Um sul-africano nordestino
 
          A campanha foi alicerçada no ódio através de repetidas mentiras, não importava por quais meios: na TV, nos jornais, na mídia, nas escolas, nas igrejas e até nos momentos mais sagrados da família, como à mesa do almoço ou do jantar. Tudo em nome da ideologia sectária, até por parte de quem, contraditoriamente, afirma o desaparecimento da ideologia: “Ideologia não existe mais”, praticando-a. E, com a aparente vitória do ódio, sente-se que, para se manter o adquirido ou status quo, investe-se na continuação de uma massificação rancorosa, como se os odientos temessem que o ódio não tenha vencido. Temos observado que, democraticamente, afirmam-se no poder os que se propõem à tarefa de servir, e assim encantam, agradam, mesmo sendo, injustamente, objetos indiretos do ódio, a exemplo do sul-africano Nelson Mandela que atuava contra a discriminação no seu país; ter-lhe-iam certamente dito o jargão verbalizado pela raiva: “Vou acabar com a sua raça”. Tais ameaças ao bem, por si só, não se sustentam, também porque quem odeia, quem se vinga, mesmo quando consegue pouco dos seus objetivos, não se sente feliz...

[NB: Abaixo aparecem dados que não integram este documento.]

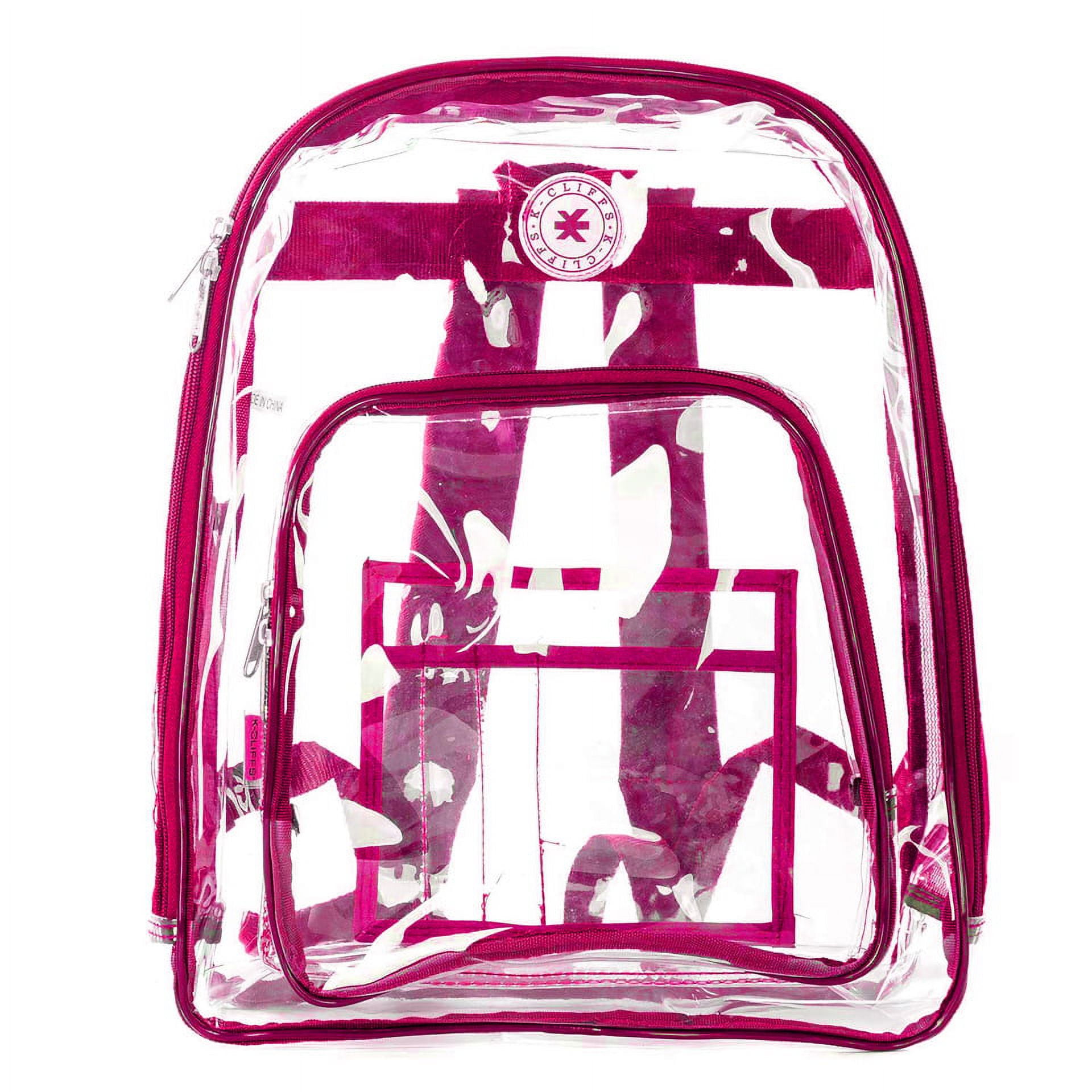 K-Cliffs See-Through School Backpack. Transparent PVC with Hot Pink Trim. Dimension: 17″x13.5″x7″ Heavy duty zippers. Sturdy mesh pocket on both sides. Padded and adjustable shoulder straps easily , Teen-adult

          No entanto Mandela, preso sem qualquer culpa cabal comprovada, era feliz, mesmo brutalmente humilhado, nunca perdeu sua decência, sua altivez, sempre aclamado pelo povo do seu país e internacionalmente respeitado e homenageado, mesmo quando ainda trancado na cadeia. Se não fosse perseguido pelo ódio de uma inconformada e inconsequente minoria, jamais ele teria sido preso. Finalmente, depois de 27 anos de prisão, ele foi solto pelo clamor das multidões e voltou às ruas, tranquilo, sem desejo de revanche. Indicado e eleito pela expressiva vontade do povo, aceitou governar o seu país e seguiu o plano da benevolência. E ao tomar posse nessa sua prestigiada e alta função de Presidente, ofereceram-lhe um banquete, quando ele fez sentarem, ao seu lado, um à esquerda e o outro à direita, seus dois algozes do longo período de prisão. Carcereiros esses que sempre repetiam, pelos corredores do cárcere, ser Mandela um homem de bem e inocente, o contrário do juiz que o tinha encarcerado, sem provas, maquinando apenas levianas suposições... É imensa, à vergonha de quem honestamente julga, a relação dos grandes homens e das grandes mulheres, heróis e heroínas, que foram prisioneiros ou prisioneiras por sentença da inJustiça.
          Fora das grades, voltou Mandela a conviver com o seu povo; sem lamentar seus sofrimentos passados na prisão, dizia palavras construtivas, como nada houvesse ocorrido ou lhe tivesse acontecido. Respeitosamente dialogando com os seus odientos perseguidores, deu lugar no poder a todas as tendências políticas da república sul-africana. Somente um homem de admirável estirpe como a de Nelson Mandela, depois de sofrer tantas malvadezas a si, à sua família e ao seu povo, perdoa. Percebe-se que o perdão geralmente irrita quem odeia, e quem perdoa pratica, sem querer, uma nobre “vingança”. Contudo, a misericórdia ou o perdão tem eloquência divina, como escreveu na sua obra “Vingança, não”, meu ex-professor Francisco Pereira Nóbrega, cronista neste espaço e confrade da cadeira 33 da APL, padre e filho de cangaceiro brutalmente assassinado : “Vingar-se é menos do que humano, porque é próprio das feras; perdoar é mais do que humano, porque é próprio de Deus”.